Elliott Bryce Foulkes and Maria Smit first crossed paths when they were studying a Bachelor of Design at UNSW College of Fine Arts (COFA), now Art & Design.

“We met during the first few weeks of studying and bonded over a shared interest in graphic design and textiles,” says Maria.

Throughout their studies the duo developed an ongoing collaborative practice before working together in studios over the following years.

Maria was born in Launceston and has since lived and worked in Sydney as a designer specialising in campaign and identity design. Elliott, who originally hails from Dubbo, is a Sydney-based art director and designer with a focus on designing identities and publications.

“Our practices occupy traditional applied contexts, in addition to non-applied experimental areas and self-imagined projects,” Elliott says.

A pivotal moment for the pair came in 2014 when they collaborated on the public design for safARI – the fringe event for the Biennale of Sydney. It was here they created their “first tangible outcome as a collaborative”.  

The multidisciplinary designers are now exhibiting at UNSW Galleries. Their collection, Order of Events, explores how graphic design contributes to and creates space, occupying overlooked surfaces, scaffolds and supports, and elaborating on traditional print media and objects. The work is accompanied by an essay written by editor of Running Dog, Naomi Riddle.

“We are focused on how graphic design works as a material in addition to its perception as a process,” Maria says.

Order of Events is an experimental design exhibition that questions how graphic design interacts with gallery and museum contexts, how these relationships might operate if upturned or reorganised, and what it means to exhibit graphic design in the first place,” says Elliott.
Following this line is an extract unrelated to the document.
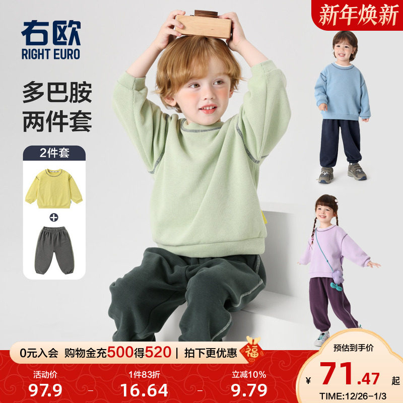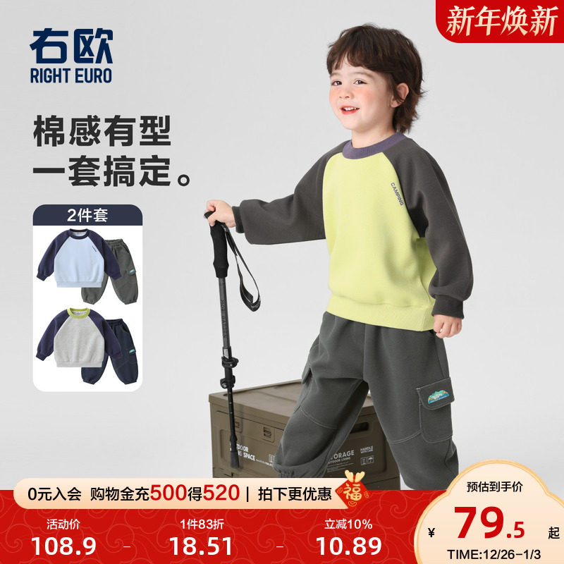 右欧男童女童卫衣卫裤两件套撞色户外运动儿童春秋季套装新款童装

Working with the formal tropes of visual identity and collateral, the exhibition reflects on the dynamics between exhibited artwork and conventional design methodologies.

Sydney-based curator and art critic Susan Charlton described the collection as foregrounding “those elements of museum design that usually hover between the politely functional and the invisible.

"Drawing from the Australian Type Book of 1934 as their inspiration and de facto object, they play with typography, visual identity, directional signage, label systems, display materials and exhibition furniture to flip the order of things and make ambient objects the subject," she says.

Order of Events continues at UNSW Galleries until 1 June.